I have never heard anyone, no matter how pro-choice they are, say that someone who is anti-abortion should support someone who wants to expand access to abortion. I have never heard anyone saying that such a voter is childish for not voting that way. I have progressive beliefs. They are not religious. They may not match yours. And you can certainly disagree with them and tell me so. But please don't tell me that I'm being immature by acting in accordance with them when I have the chance.
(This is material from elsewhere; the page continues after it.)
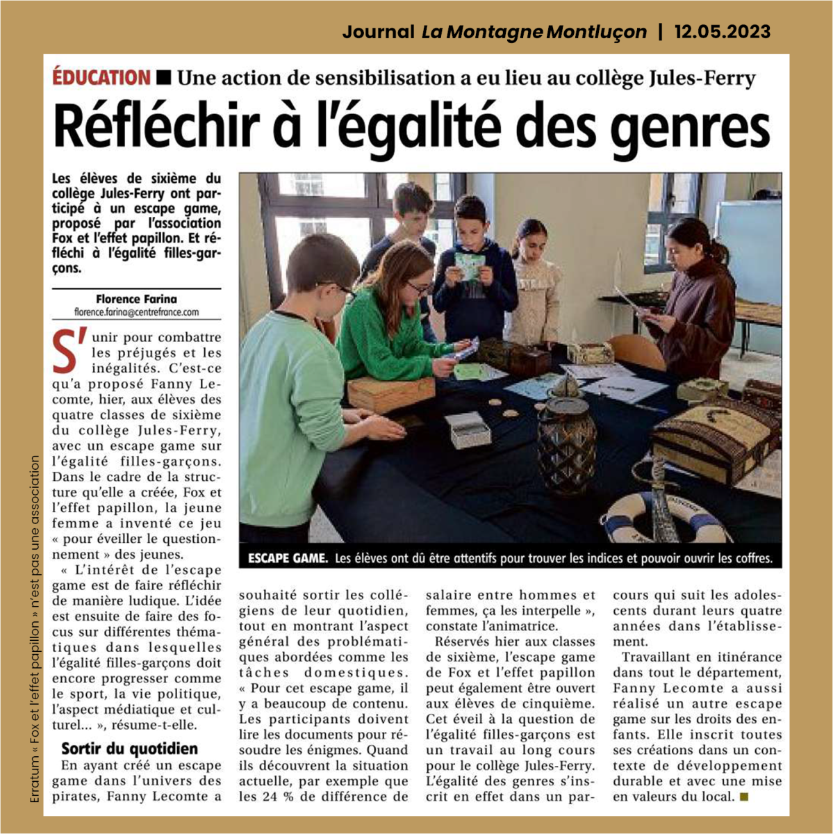 Cet escape game (jeu d’évasion grandeur nature) a été conçu à la demande du Conseil Départemental d’Accès aux Droit de l’Allier (CDAD 03) pour sensibiliser à l’égalité femmes-hommes.

It's not particularly likely to bag Hillary my vote (and yes, I know all about Donald Trump, again, I am not actually uninformed-although given that Bernie outpolls Hillary against him in every poll I've seen, I'm not sure why everyone's acting like she's our only hope against Trump)--all it does is intensify a growing feeling that voting for the Democratic Party is voting for results I don't want and can't support. Contrary to all that talk about getting things done and pragmatism, the things I want done have not been happening--in fact, things are getting worse. I want things to get better. I want to act politically in accordance with a belief that it's not impossible that they could, even if it takes a while.